Depoimento de Nertor Cerveró à Polícia Federal é adiado

Depoimento de Nertor Cerveró à Polícia Federal é adiado

O segundo depoimento de Nestor Cerveró previsto para acontecer nesta segunda-feira na Polícia Federal em Curitiba foi adiado. De acordo com a advogada Alessi Brandão, o ex-diretor da área Internacional da Petrobras só prestará novos esclarecimentos após a defesa ter acesso a todas as cópias dos documentos apreendidos anteriormente na casa dele.

A documentação deve ser liberada pela Polícia Federal ainda nesta segunda-feira. Segundo Alessi, a defesa tem até três dias para analisar os papéis e instruir Cerveró a falar sobre o assunto. A coletiva poderá ser reagendada para quarta ou quinta-feira desta semana.
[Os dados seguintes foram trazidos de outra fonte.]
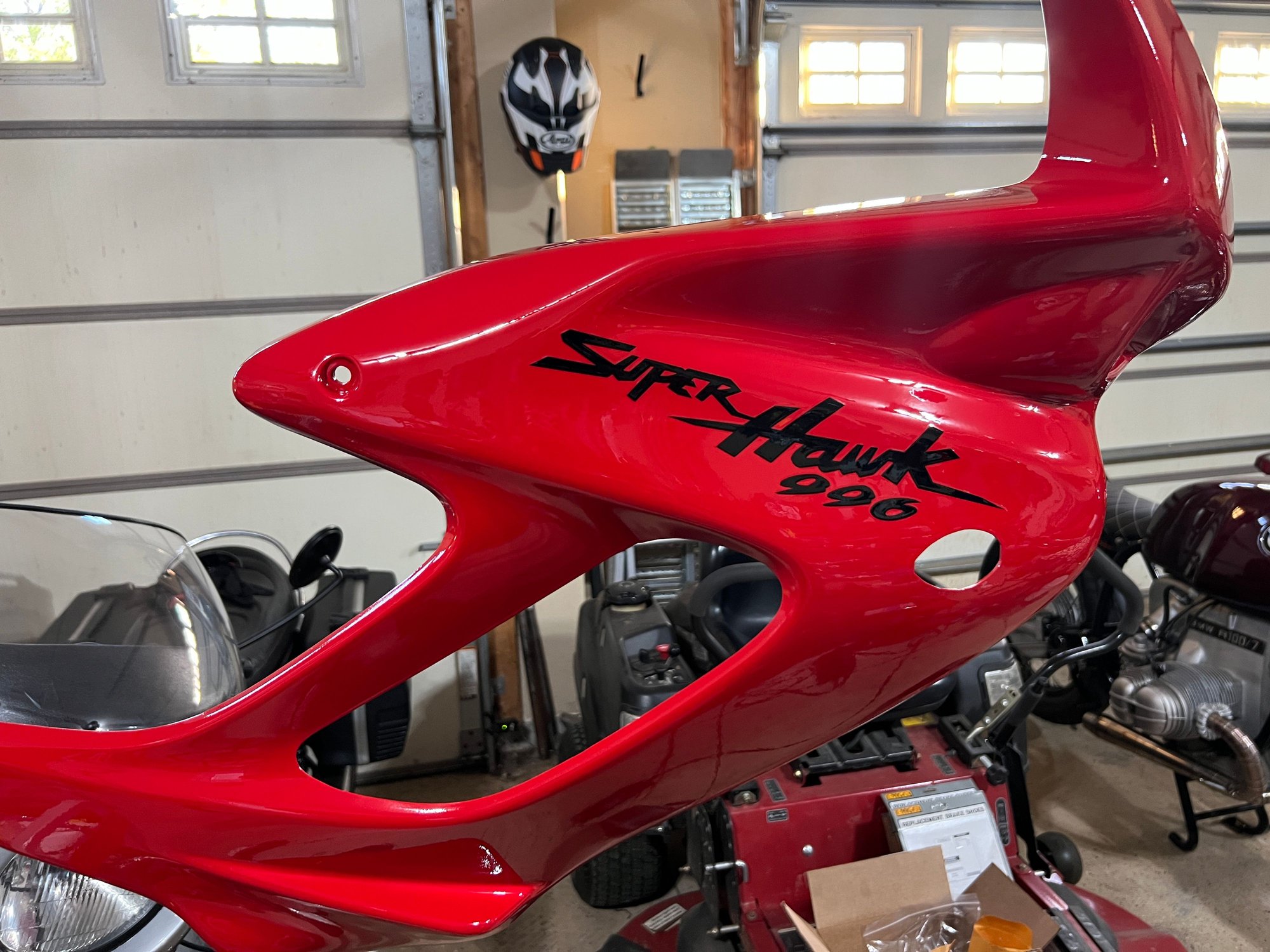 I managed to score one on eBay. I am in process of repainting the whole bike so color didn’t really matter. The paint that I ordered is just off enough from the factory red (despite ordering the correct paint code.) that I can’t skip anything. I’m finished with the fairings. I need to tackle the tank, fenders, and belly pan next warm day we get.

A advogada disse que falou com o ex-diretor nesta segunda-feira pela manhã, e que ele se encontra bem, na medida do possível, após passar dois sem banho de sol.

Os advogados de Nestor Cerveró afirmaram que ele estaria disposto a falar, além das relações sobre as quais é investigado, sobre a refinaria de Pasadena, nos Estados Unidos. A advogada Alessi Brandão declarou nesta segunda-feira que, por parte de seu cliente, não houve nenhuma irregularidade, mas adiantou que provavelmente ele prestará outros esclarecimentos sobre o assunto.

PEDIDO NEGADO

Na sexta-feira, a Justiça Federal negou o pedido de liberdade de Cerveró. A decisão foi dada liminarmente, após o desembargador João Pedro Gebran Neto entender que a prisão preventiva do executivo é fundamentada em “fatos concretos”, já que ele responde por processos originados na Operação Lavo Jato, por crimes de corrupção e lavagem de dinheiro. O ex-diretor também está sendo investigado pela PF em outros dois inquéritos.

Cerveró se tornou réu no processo da Operação Lava Jato em dezembro, quando foi denunciado pelo Ministério Público Federal do Paraná (MPF) por lavagem de dinheiro e corrupção ativa. Além dele, foram denunciados Fernando Antonio Falcão Soares, conhecido por Fernando Baiano, o doleiro Alberto Youssef e o empresário Julio Gerin de Almeida Carmargo, da Setal Engenharia.

Cerveró é suspeito de participar de um grande esquema de corrupção na Petrobras, desviando recursos de contratos da área Internacional para abastecer políticos do PMDB, que o indicaram para o cargo. O operador do esquema na área seria Fernando Baiano e o doleiro Youssef, que lavavam até 3% de todos os contratos do setor, repassando o dinheiro para campanhas políticas do PMDB. Segundo o Ministério Público Federal, Cerveró recebeu R$ 40 milhões de propina, em dois contratos para construção de navios sonda, usados em perfurações em águas profundas. O pagamento foi relatado pelo executivo Julio Camargo, da Toyo Setal, que fez acordo de colaboração com a Justiça.

O ex-diretor da abastecimento da Petrobras, Paulo Roberto Costa, também citou Cerveró, no acordo de delação premiada. Em depoimento à Justiça Federal do Paraná, em outubro, Paulo Roberto disse que Cerveró recebeu propina na compra da refinaria de Pasadena, nos Estados Unidos. Segundo o Tribunal de Contas da União, o negócio gerou prejuízos de US$ 792 milhões. Durante uma acareação com o ex-diretor de abastecimento, na CPI mista, em dezembro, Cerveró negou as acusações.